Katara wasn't sure how long they flew—she drifted in and out of an exhausted sleep as she laid on her stomach, gripping the fur on Appa's back—but when a drop in altitude awoke her, the sun was already hanging full and low over the ocean behind them.

As they flew downward, the drop in her stomach reminded her-with a matching drop of her heart-that she had left someone behind. Someone she had come to rescue in the first place.

She'd known she had to leave this time, that she'd had no choice—she couldn't help Sokka if she was dead—but leaving him behind had been awful. And as the sun rose, her failure to her brother hit her with new weight.

Appa landed on the beach heavily, clearly exhausted. Aang, looking equally spent, slipped from his head and trudged heavily towards the tree line, leading his tired bison after him. "Come on, Appa. Let's get you in the shade of the trees. We can't afford for you to be seen."

Once Appa was safely hidden in the thick jungle foliage, the great sky bison collapsed, turning his face under his front paw to sleep. Katara gently let herself down from his back and approached Aang who was now back on the sand, scanning the beach while he shaded his eyes with his hand.

"Where are they?" he asked under his breath.

"Who?"

"Mai!" Aang said a bit anxiously, still scanning the shoreline. "And Sokka, of course."

At hearing her brother's name, Katara took a step backward in shock. "Sokka?!"

"Yeah," Aang said, dropping his hand to look at her. "I knew you wouldn't leave without him, and I couldn't leave without you. I told Mai I wouldn't leave without your brother."

"You knew— how did you—?!"

"You told me you had a brother in the Fire Nation. And I kind of, worked it out from there…" Aang shrugged, rubbing the back of his neck sort of awkwardly. Suddenly a look of uncertainty flashed on his face. "Sokka is your brother… right?"

Katara bit her trembling lip and nodded, astounded and impressed that Aang had worked out both who her brother was and that he had somehow arranged for his rescue. A deep well of gratitude for Aang and his selflessness began to fill inside her. Aang could have left. On his own. Without her. Without Sokka. But he hadn't.

Aang's expression turned to concern when he saw the tears in her eyes. "He'll be okay, Katara. We'll find him. We're later than we were supposed to be, but they have to still be here. Mai wouldn't have left without us…" His words sounded more wishful than sure.

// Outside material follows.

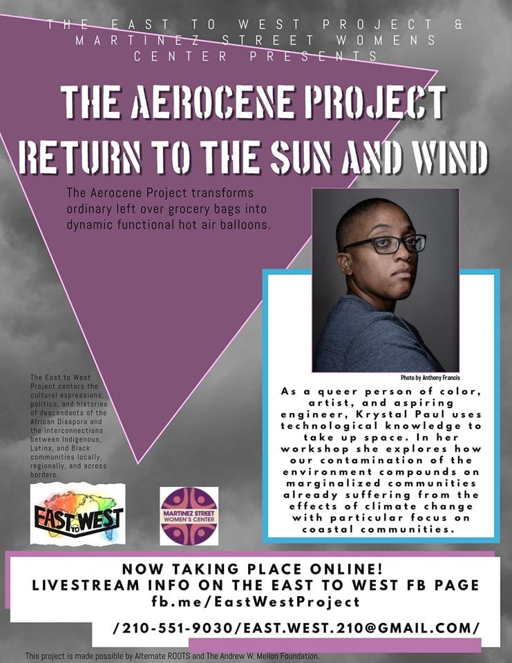 Due to the unforeseen waves of changes that are currently taking place on our lands and the effects that these impose on our bodies, we will no longer be gathering in person for the inauguration of the East to West Project. “The Aerocene Project: Return to Sun and Wind,” a workshop by Krystal Paul originally scheduled for Saturday, March 21, 2020 from 6 p.m. to 8 p.m. at the Martinez Street Women’s Center (801 N. Olive Street, San Antonio 78202), will now take place on Facebook Live. Please join us for a presentation, workshop, and discussion made possible online by Deceleration News. Feel free to invite others to join as well from the privacy of their own screens. We hope to create an interactive experience with multiple layers of engagement for your creative, intellectual, and spiritual fulfillment. Starting at 6pm CST, the link to the live stream will be available on each of the pages below:

Katara was of course concerned about finding Sokka and this Mai, but Aang had mistaken the meaning of her emotion. Walking out of the trees to meet Aang on the beach, she lifted her hand to his face. "Aang, you have no idea how much… I mean, I can't express… You're more than I…"

She couldn't seem to finish any sentence she started. So instead she pulled Aang's forehead down to her own and whispered softly, "Thank you."

Her closeness caused Aang's breath to hitch, every bit of his attention suddenly alert and focused on her. His eyelids slid half-closed, and she felt his warm breath brush her skin. He wanted her, it was obvious, but still he waited—waited for her to decide what to do with the charged air between them. Katara could sense his restraint, his chest rising and falling with each breath.

They had kissed before, on the palace rooftop that night that now felt like a lifetime ago. That kiss had been so new and naive, all elation and spontaneity. But in hindsight, sitting alone in her cell night after night, she had wondered if it had been a mistake.

Falling in love with Aang had taken Katara by surprise, sneaking up on her like a snowstorm in June. But now she was ready, to make a conscious choice, one that she had already had plenty of time to contemplate in her cell, when her broken heart had refused to mend.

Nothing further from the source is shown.